──────── SUPPLIED MATERIAL

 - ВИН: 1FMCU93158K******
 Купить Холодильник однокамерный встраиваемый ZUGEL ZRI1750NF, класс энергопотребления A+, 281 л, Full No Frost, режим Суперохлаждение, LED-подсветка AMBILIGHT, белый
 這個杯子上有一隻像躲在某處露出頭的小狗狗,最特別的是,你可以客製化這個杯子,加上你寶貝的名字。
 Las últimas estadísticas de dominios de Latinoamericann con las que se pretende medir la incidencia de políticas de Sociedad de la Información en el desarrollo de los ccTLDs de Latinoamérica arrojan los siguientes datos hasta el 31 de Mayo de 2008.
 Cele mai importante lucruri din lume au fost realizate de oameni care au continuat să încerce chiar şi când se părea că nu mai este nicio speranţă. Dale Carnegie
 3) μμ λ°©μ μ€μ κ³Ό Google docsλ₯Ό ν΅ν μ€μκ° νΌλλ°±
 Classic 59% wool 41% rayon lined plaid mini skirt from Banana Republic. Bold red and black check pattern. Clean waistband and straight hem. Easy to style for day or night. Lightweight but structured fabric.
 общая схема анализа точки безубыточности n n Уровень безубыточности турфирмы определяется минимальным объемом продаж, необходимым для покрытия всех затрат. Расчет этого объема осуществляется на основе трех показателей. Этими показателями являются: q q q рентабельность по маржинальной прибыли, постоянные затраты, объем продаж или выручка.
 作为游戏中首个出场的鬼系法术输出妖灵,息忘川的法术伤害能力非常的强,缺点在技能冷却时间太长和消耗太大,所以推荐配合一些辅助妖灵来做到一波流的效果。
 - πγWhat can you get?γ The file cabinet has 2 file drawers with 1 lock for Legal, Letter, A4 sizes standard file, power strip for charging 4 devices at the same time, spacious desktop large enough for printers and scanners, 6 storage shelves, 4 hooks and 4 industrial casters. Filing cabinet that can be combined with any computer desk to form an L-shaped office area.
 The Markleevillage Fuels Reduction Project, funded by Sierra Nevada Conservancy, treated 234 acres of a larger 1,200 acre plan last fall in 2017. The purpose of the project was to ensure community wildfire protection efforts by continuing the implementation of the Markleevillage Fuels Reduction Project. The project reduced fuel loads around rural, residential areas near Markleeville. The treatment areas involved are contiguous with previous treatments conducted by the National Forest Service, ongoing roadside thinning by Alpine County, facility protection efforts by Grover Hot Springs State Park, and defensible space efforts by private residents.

────────────────

--- TASK DESCRIPTION ---
Look above for the line with "這個杯子上有一隻像躲在某處露" and the line with "3) μμ λ°©μ μ€μ". Write out those two lines and all the lines between them, exactly, and no others.

--- REPLY TO THE TASK ---
 這個杯子上有一隻像躲在某處露出頭的小狗狗,最特別的是,你可以客製化這個杯子,加上你寶貝的名字。
 Las últimas estadísticas de dominios de Latinoamericann con las que se pretende medir la incidencia de políticas de Sociedad de la Información en el desarrollo de los ccTLDs de Latinoamérica arrojan los siguientes datos hasta el 31 de Mayo de 2008.
 Cele mai importante lucruri din lume au fost realizate de oameni care au continuat să încerce chiar şi când se părea că nu mai este nicio speranţă. Dale Carnegie
 3) μμ λ°©μ μ€μ κ³Ό Google docsλ₯Ό ν΅ν μ€μκ° νΌλλ°±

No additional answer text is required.